Exercise aim = Pictures aside, each entry has to be returned exactly as it stands.

Records for the task =
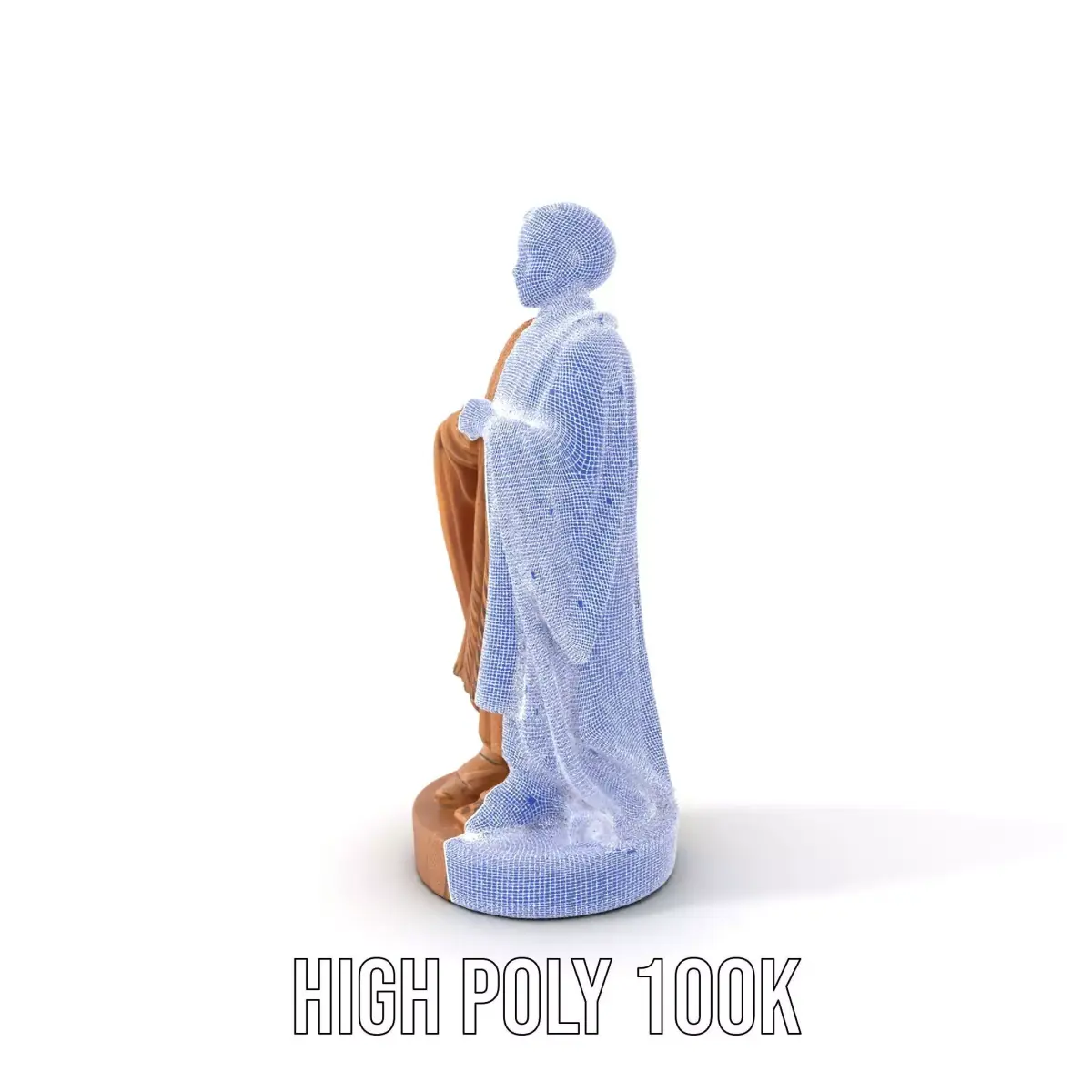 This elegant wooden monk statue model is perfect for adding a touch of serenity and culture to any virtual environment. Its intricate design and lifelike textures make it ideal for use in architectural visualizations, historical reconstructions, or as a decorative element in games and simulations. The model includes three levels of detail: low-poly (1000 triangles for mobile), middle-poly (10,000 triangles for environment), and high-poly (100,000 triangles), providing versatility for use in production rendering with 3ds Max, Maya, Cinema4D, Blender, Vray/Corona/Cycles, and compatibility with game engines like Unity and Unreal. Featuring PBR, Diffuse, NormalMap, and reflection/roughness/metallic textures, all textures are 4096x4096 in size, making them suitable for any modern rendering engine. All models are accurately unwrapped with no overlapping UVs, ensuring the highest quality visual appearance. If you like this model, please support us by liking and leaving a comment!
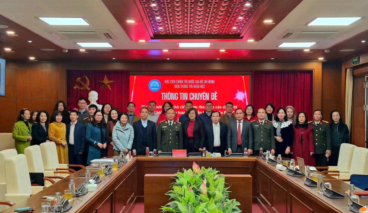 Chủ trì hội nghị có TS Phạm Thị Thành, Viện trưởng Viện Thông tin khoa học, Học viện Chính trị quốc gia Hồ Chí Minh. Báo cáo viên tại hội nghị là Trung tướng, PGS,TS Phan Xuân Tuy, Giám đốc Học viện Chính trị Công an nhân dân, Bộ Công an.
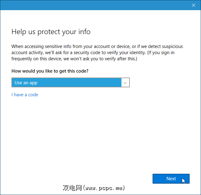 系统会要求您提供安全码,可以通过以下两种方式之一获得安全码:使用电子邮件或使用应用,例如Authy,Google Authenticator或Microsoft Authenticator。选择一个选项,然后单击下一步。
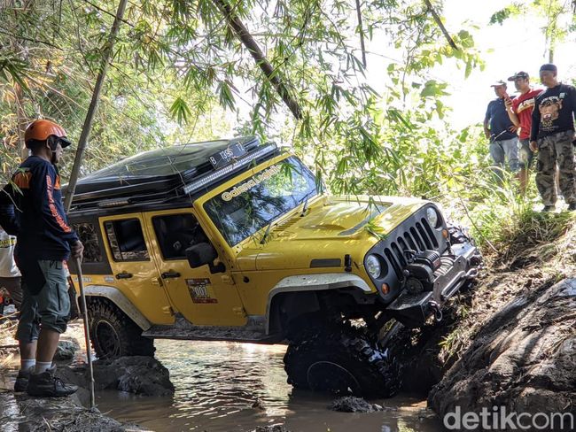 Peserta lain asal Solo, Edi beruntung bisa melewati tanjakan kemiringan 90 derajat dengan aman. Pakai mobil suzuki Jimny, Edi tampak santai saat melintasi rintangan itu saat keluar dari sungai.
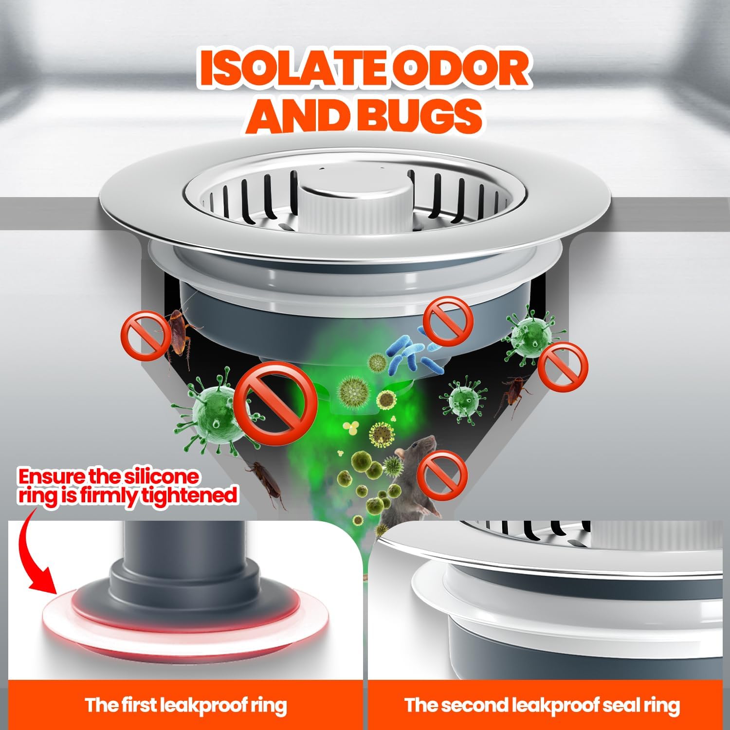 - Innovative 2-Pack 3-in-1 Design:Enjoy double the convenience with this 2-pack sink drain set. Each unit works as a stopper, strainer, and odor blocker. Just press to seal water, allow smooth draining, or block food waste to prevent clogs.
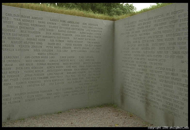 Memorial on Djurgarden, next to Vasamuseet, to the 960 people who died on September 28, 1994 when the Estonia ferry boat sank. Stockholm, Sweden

Solution for this exercise =
 This elegant wooden monk statue model is perfect for adding a touch of serenity and culture to any virtual environment. Its intricate design and lifelike textures make it ideal for use in architectural visualizations, historical reconstructions, or as a decorative element in games and simulations. The model includes three levels of detail: low-poly (1000 triangles for mobile), middle-poly (10,000 triangles for environment), and high-poly (100,000 triangles), providing versatility for use in production rendering with 3ds Max, Maya, Cinema4D, Blender, Vray/Corona/Cycles, and compatibility with game engines like Unity and Unreal. Featuring PBR, Diffuse, NormalMap, and reflection/roughness/metallic textures, all textures are 4096x4096 in size, making them suitable for any modern rendering engine. All models are accurately unwrapped with no overlapping UVs, ensuring the highest quality visual appearance. If you like this model, please support us by liking and leaving a comment!
 Chủ trì hội nghị có TS Phạm Thị Thành, Viện trưởng Viện Thông tin khoa học, Học viện Chính trị quốc gia Hồ Chí Minh. Báo cáo viên tại hội nghị là Trung tướng, PGS,TS Phan Xuân Tuy, Giám đốc Học viện Chính trị Công an nhân dân, Bộ Công an.
 系统会要求您提供安全码,可以通过以下两种方式之一获得安全码:使用电子邮件或使用应用,例如Authy,Google Authenticator或Microsoft Authenticator。选择一个选项,然后单击下一步。
 Peserta lain asal Solo, Edi beruntung bisa melewati tanjakan kemiringan 90 derajat dengan aman. Pakai mobil suzuki Jimny, Edi tampak santai saat melintasi rintangan itu saat keluar dari sungai.
 - Innovative 2-Pack 3-in-1 Design:Enjoy double the convenience with this 2-pack sink drain set. Each unit works as a stopper, strainer, and odor blocker. Just press to seal water, allow smooth draining, or block food waste to prevent clogs.
 Memorial on Djurgarden, next to Vasamuseet, to the 960 people who died on September 28, 1994 when the Estonia ferry boat sank. Stockholm, Sweden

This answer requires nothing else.